After a disappointing performance in the side's 3–0 defeat to Portsmouth, McCarthy found the net on his debut at Ewood Park against Everton on 23 August 2006. McCarthy further endeared himself to Rovers fans, scoring a goal on his European debut for the club in a 2–2 against Red Bull Salzburg in the UEFA Cup, and scoring another in the return leg. He finished second top scorer in the Premier League in 2006–07 with 18 league goals, as well as 24 in all competitions.

The following season got off to a poor start for McCarthy when he was stretchered off in the Premier League opening day win against Middlesbrough. McCarthy was out of action for a few weeks and found first team opportunities limited, largely because the form of new striking arrival Roque Santa Cruz.
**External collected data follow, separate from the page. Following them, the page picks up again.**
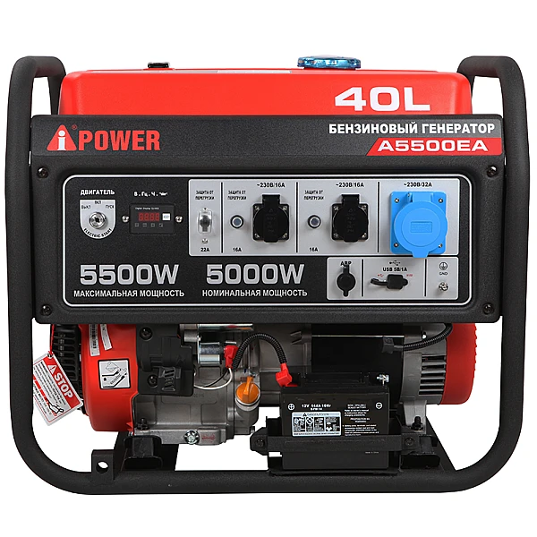 На передней панели A-iPower A5500EA расположены 2 евророзетки для подключения нетребовательных потребителей, а также силовая розетка 32А/230В, которая позволяет снять полную мощность с одного вывода. Все розетки оборудованы защитной автоматикой, которая отключает их в случае перегрузки.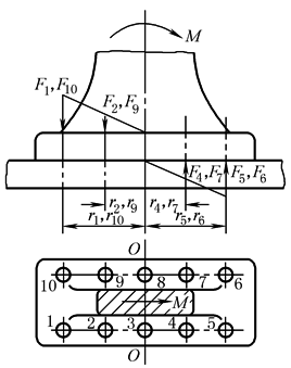 注:在实际应用中,螺栓组的受力经常是上所述四种情况的不同组合。无论螺栓组受力情况如何,均可利用受力分析方法,将各种受力状态转化为上述四种基本受力状态的组合。 |
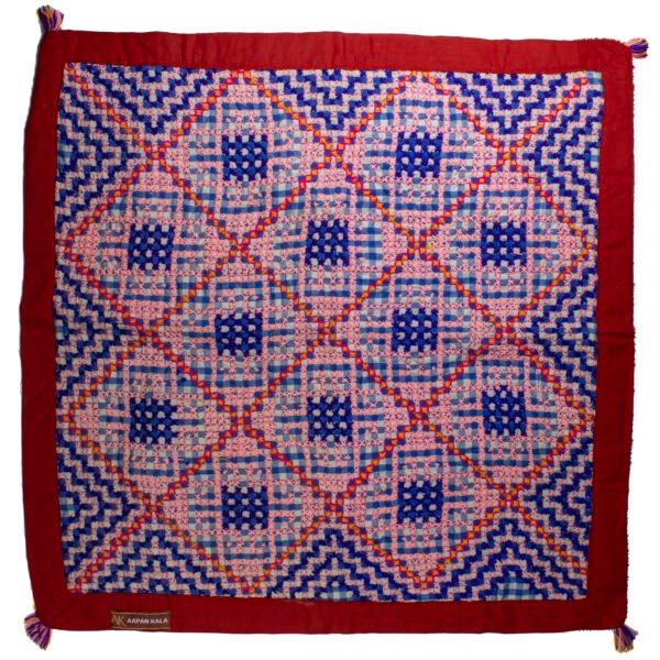 Be the first to review “Peach‑Navy Orb Quilt with Red Frame Handmade”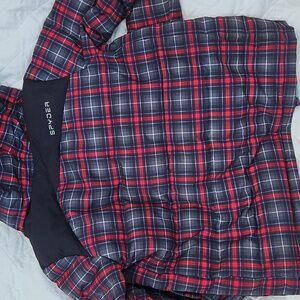 warm stylish plaid hooded jacket with a bold design. Features a mix of red, black, and white colors.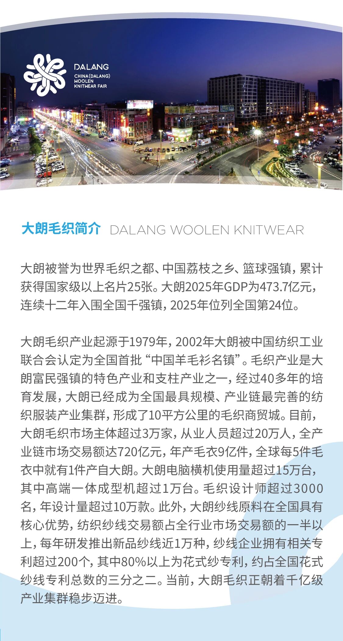 2026年第二十三屆中國(大朗)毛織產品交易會(簡稱“織交會”)將于6月24日至26日在大朗毛織貿易中心舉辦!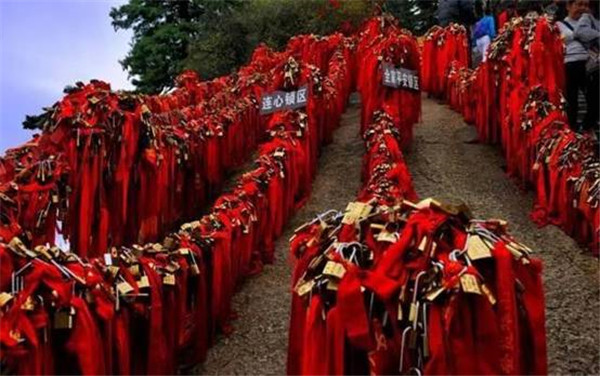 金鎖關——登山路兩側鐵索上情侶鎖,重重疊疊,紅繩彩線迎風搖曳,在這里,鎖住你們對愛情的誓言,表達隊愛情忠貞!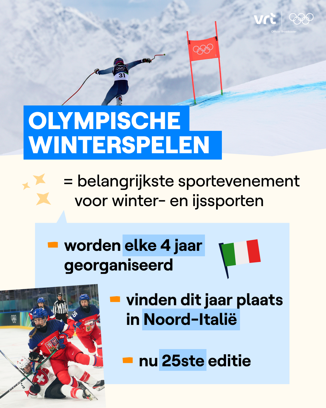 De wedstrijden vinden plaats op verschillende locaties in Noord-Italië. Onder andere in Milaan en in Cortina d'Ampezzo, dat is een heel klein dorpje in de bergketen de Dolomieten. De Winterspelen duren tot 22 februari.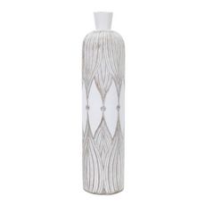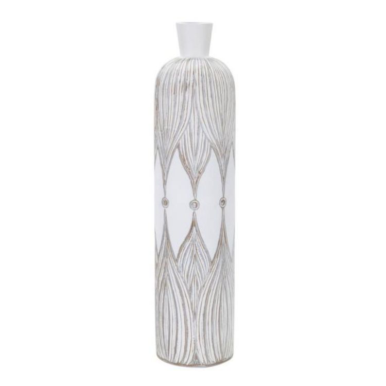 Informations Techniques : Dimensions : D. 15 x H. 60 cm Ouverture du trou : D. 4 cm Matière : Polyrésine Spécificités : Élégant & Design Vase déco Motifs abstraits Poids : 2,4 kg Couleur : Blanc

Despite being limited to largely substitute appearances, McCarthy did find the net 11 times in all competitions.

In the 2008–09 season, McCarthy appeared to be out of favour with new manager Paul Ince, as the club's strike force was strengthened with the arrivals of Carlos Villanueva and Robbie Fowler to join the already established Roque Santa Cruz, Jason Roberts and Matt Derbyshire. However, McCarthy answered these critics by scoring his first goal of the campaign – a 94th-minute equaliser in a Premier League match against Middlesbrough.

In all competitions for Blackburn, McCarthy scored 52 goals in 140 matches.

===West Ham United===
McCarthy completed a move to West Ham United for an undisclosed fee on transfer deadline day, 1 February 2010. He signed a two-and-a-half-year contract that was due to run until the summer of 2012. He made his Premier League debut for West Ham against Burnley at Turf Moor in a 2–1 defeat on 6 February 2010, where he sustained an injury which would keep him out for six weeks. In February 2011, having played just 326 minutes of football, making only three starts and failing to score any goals for West Ham, McCarthy was omitted from West Ham's 25-man squad for the remainder of the 2010–11 season. He was also offered a £1 million pay-off in exchange for terminating his contract prematurely. In April 2011, McCarthy left West Ham by mutual agreement after the parties agreed to terminate his contract. He made only two Premier League starts and fourteen appearances in all competitions scoring no goals.

===Orlando Pirates===
After leaving West Ham, McCarthy trained with former club Ajax Cape Town during the ABSA Premier League off-season. On 2 August, Orlando Pirates confirmed the signing of McCarthy on a two-year deal, ending his 14-year spell in Europe. On signing, McCarthy said, "I'm thrilled and delighted and hope I can show my appreciation by coming in and playing good football and hope to score as many goals as possible to put the team where they belong." McCarthy began the season by scoring on debut and vowed to score more goals.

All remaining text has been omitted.